すなわち,債権者は,主債務者と連帯保証人のいずれから先に請求しても良く(連帯保証人には,先に主債務者に催告するよう要求する抗弁権がない),また,主債務者に資力がありかつ執行も容易だったとしても,連帯保証人に請求することができます(連帯保証人には,先に主債務者に資力を検索するよう要求するの抗弁権がない)。

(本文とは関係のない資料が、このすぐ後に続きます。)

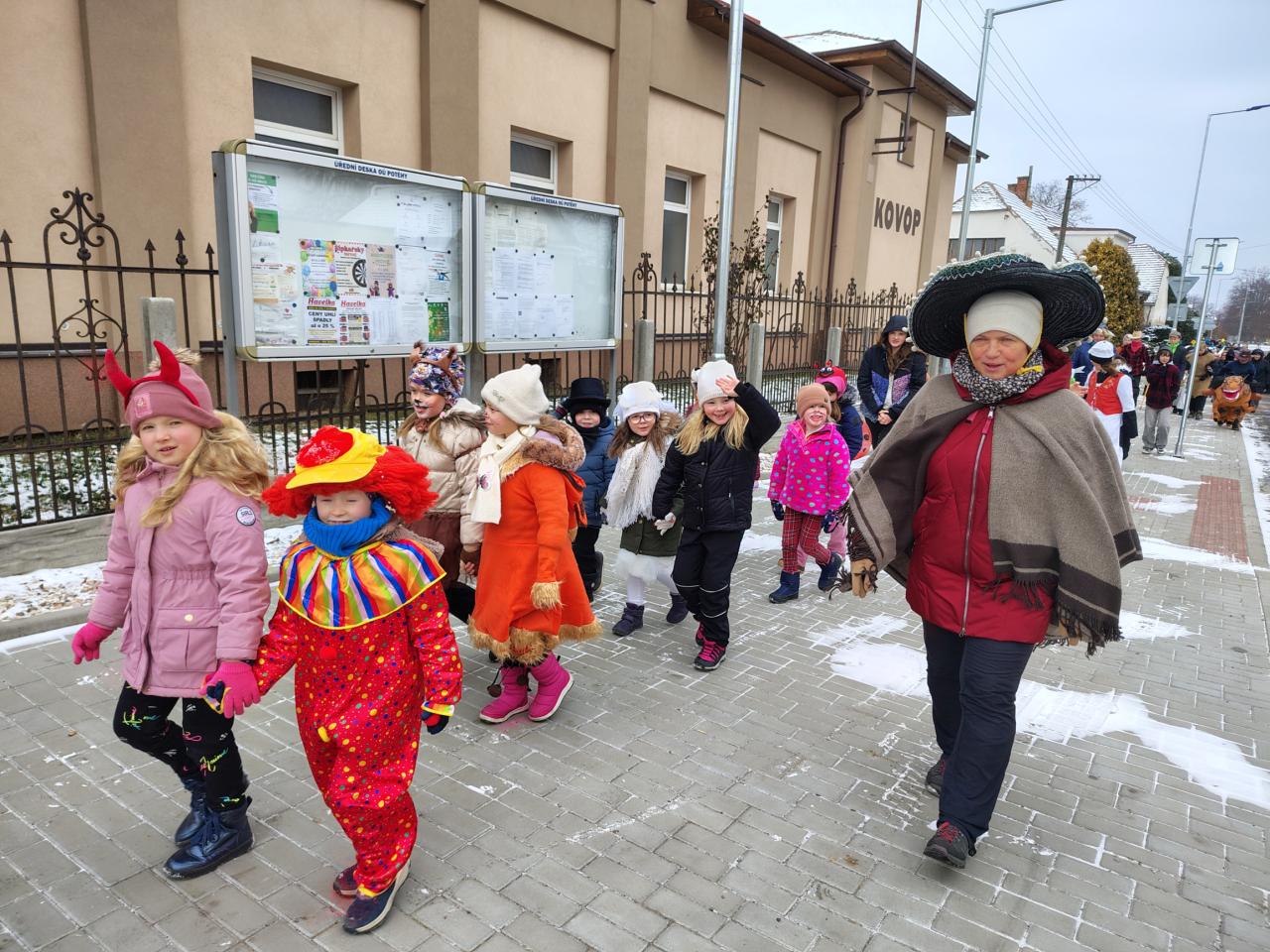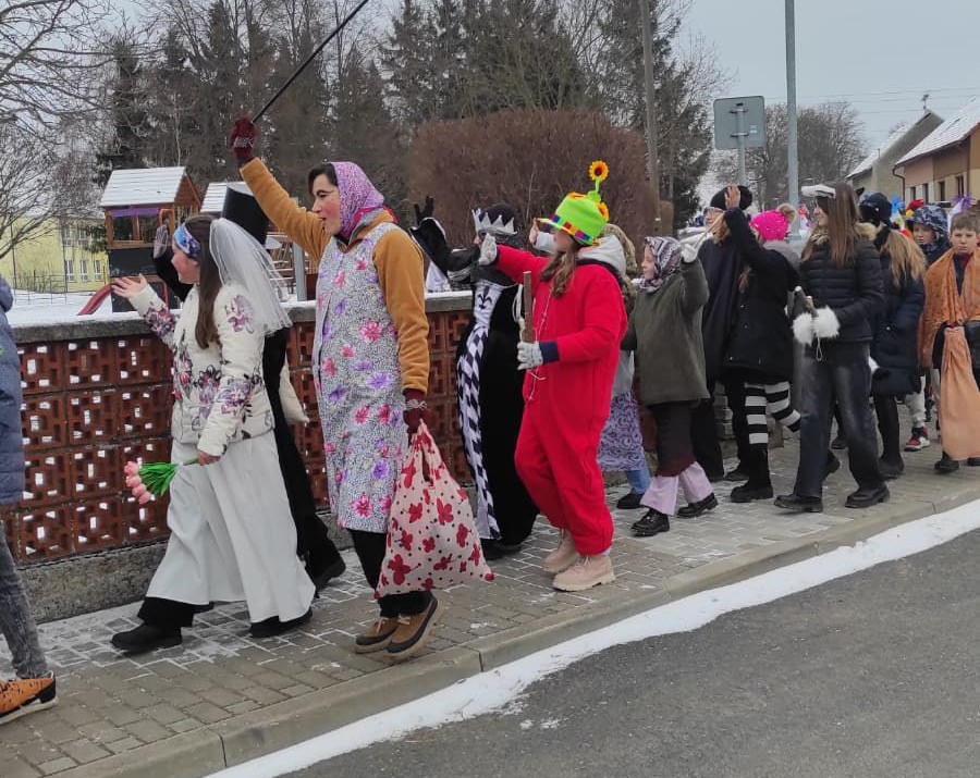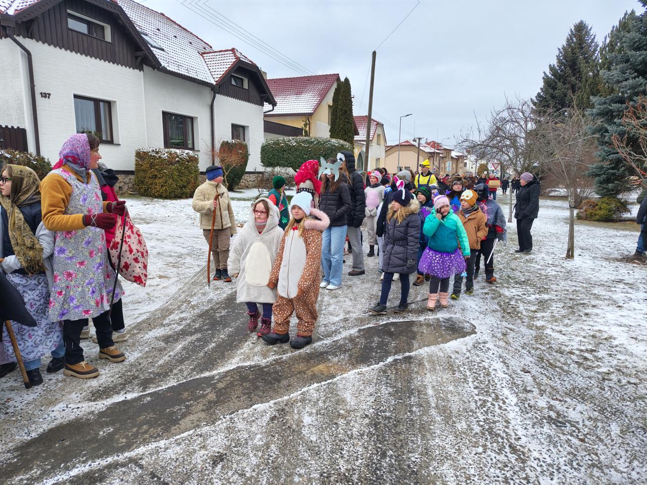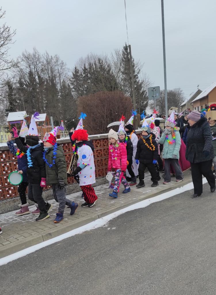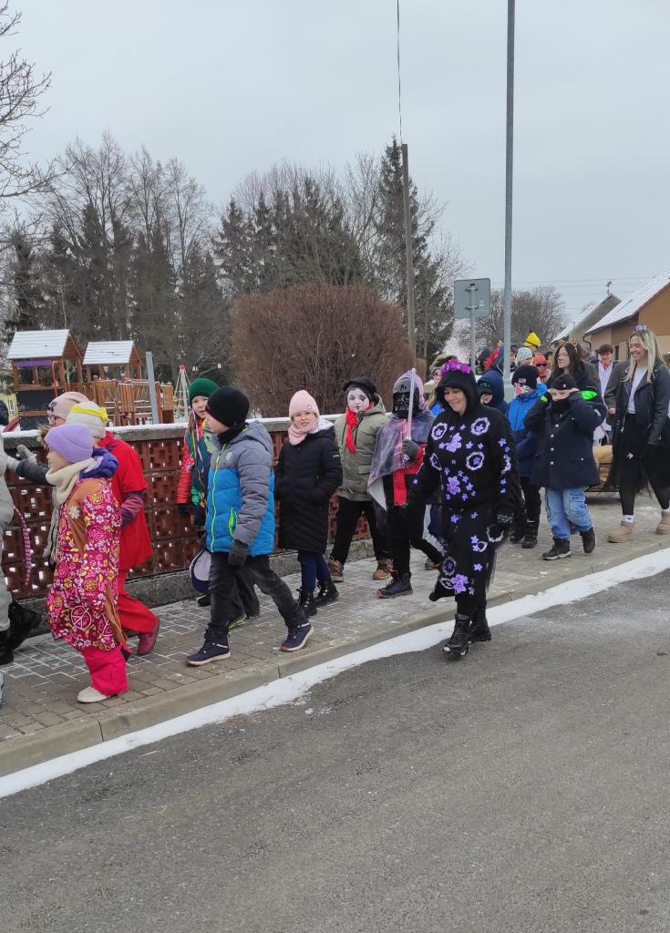 V pondělí 16. 2. se konal již popáté masopustní průvod pořádaný naší školou. Ani mráz nás neodradil od obchůzky vesnice v maskách. Průvod byl opět ukončen na návsi vystoupením žáků, kteří si pro pana starostu a obecenstvo připravili masopustní písničky, tanečky a scénky.
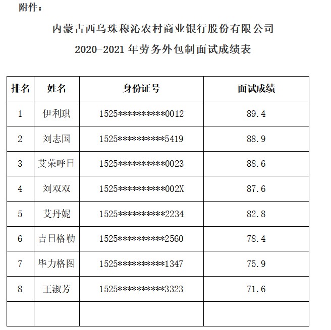 內(nèi)蒙古西烏珠穆沁農(nóng)村商業(yè)銀行股份有限公司委托內(nèi)蒙古才路人力資源服務(wù)有限公司,組織完成了內(nèi)蒙古西烏珠穆沁農(nóng)村商業(yè)銀行股份有限公司2020-2021年勞務(wù)外包制招聘考試面試考務(wù)工作?,F(xiàn)將內(nèi)蒙古西烏珠穆沁農(nóng)村商業(yè)銀行股份有限公司2020-2021年勞務(wù)外包制招聘考試面試成績進行公示。咨詢電話:0471-3307904。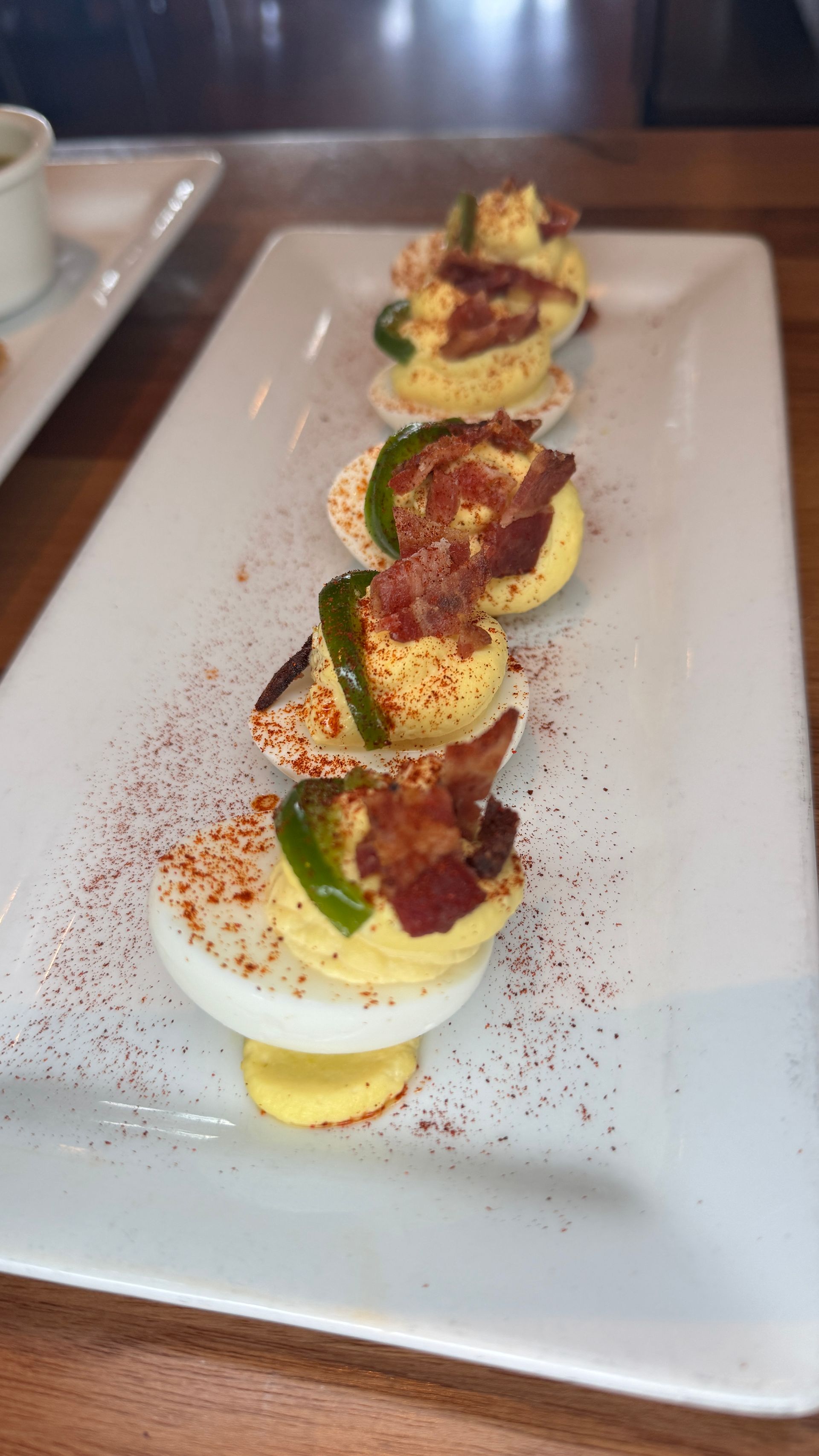 Deviled eggs are a classic appetizer, but Arcadia Tavern gives them a Southwestern twist that makes them memorable. These Sun Deviled Eggs are creamy, rich, and topped with bacon and candied jalapeños, creating a perfect contrast of salty, sweet, spicy, and smoky.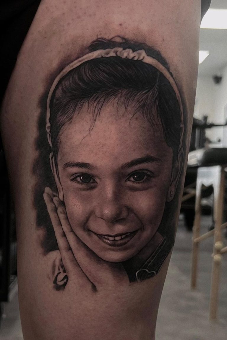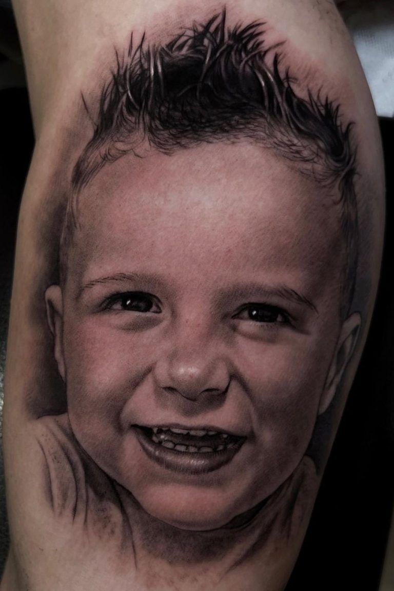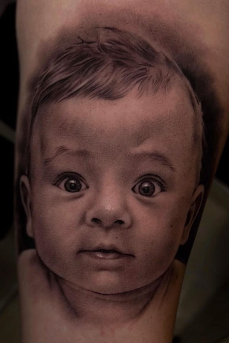 Portrait-Tattoos sind besonders anspruchsvoll, da es darauf ankommt, jede Nuance des Gesichts oder auch eines Tieres detailgetreu wiederzugeben. Feinste Schattierungen und exakte Linienführung sind entscheidend, um den Charakter und die Emotionen des abgebildeten Motivs realistisch einzufangen. Portrait-Tätowierungen sind ideal für Menschen, die eine bleibende Erinnerung an eine geliebte Person oder Ikone auf ihrer Haut tragen möchten.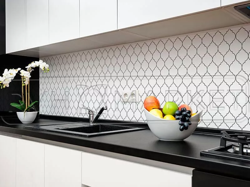 Дизайнерский прием словно четкий пазл складывается в чудесную единую картину. Бело-серебристая цветовая гамма, плавные переплетения, четкость границ и благородный контраст — это то, что позволит вашему пространству заиграть по-новому. Несомненно, стильный узор Арабеска в серебристом решении - отличный выбор для Вашей кухни.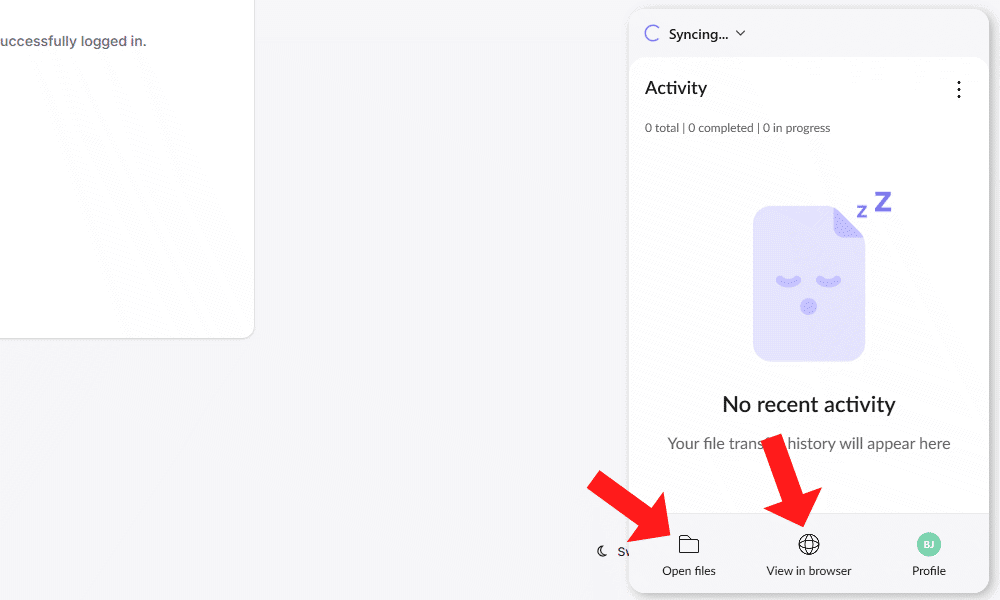 To set up file sync, choose “open files” for the NordLocker synced folder. Alternatively, you can open the browser client to upload and download files there.

実務上は,「連帯保証」がほとんどで,連帯保証ではない単純な保証契約は極めて稀です。

【民法446条】
1 保証人は、主たる債務者がその債務を履行しないときに、その履行をする責任を負う。

2 以下省略

【民法452条】
債権者が保証人に債務の履行を請求したときは、保証人は、まず主たる債務者に催告をすべき旨を請求することができる。ただし、主たる債務者が破産手続開始の決定を受けたとき、又はその行方が知れないときは、この限りでない。

【民法453条】
債権者が前条の規定に従い主たる債務者に催告をした後であっても、保証人が主たる債務者に弁済をする資力があり、かつ、執行が容易であることを証明したときは、債権者は、まず主たる債務者の財産について執行をしなければならない。

【民法454条】
保証人は、主たる債務者と連帯して債務を負担したときは、前二条の権利を有しない。

2.保証意思の書面性
保証人との保証契約は,書面又はその内容を記録した電磁的記録でしなければ効力を生じません(民法446条2項及び3項)。

もっとも,ここでいう「書面」は,「保証債務の内容が明確に記載された保証契約書又はその申込み若しくは承諾の意思表示が記載された書面にその者が署名し若しくは記名して押印し,又はその内容を了知した上で他の者に指示ないし依頼して署名ないし記名押印の代行をさせることにより,書面を作成した場合,その他保証人となろうとする者が保証債務の内容を了知した上で債権者に対して書面で上記と同視し得る程度に明確に保証意思を表示したと認められる場合」を意味すると解されています(【東京高裁平成24年1月19日判決】)。

なお,この点については,【東京地裁平成29年2月14日判決】でも,「民法446条2項は,保証契約は,書面でしなければ,その効力を生じないと規定しているところ,保証契約について書面性を要求する趣旨は,片面的に義務を負うこととなる保証人を保護するため,保証意思が外部にも明らかになっている場合に限り契約としての拘束力を認めるという点にあるから,専ら保証人の保証意思がその書面上に示されていれば足りる」と判示されています。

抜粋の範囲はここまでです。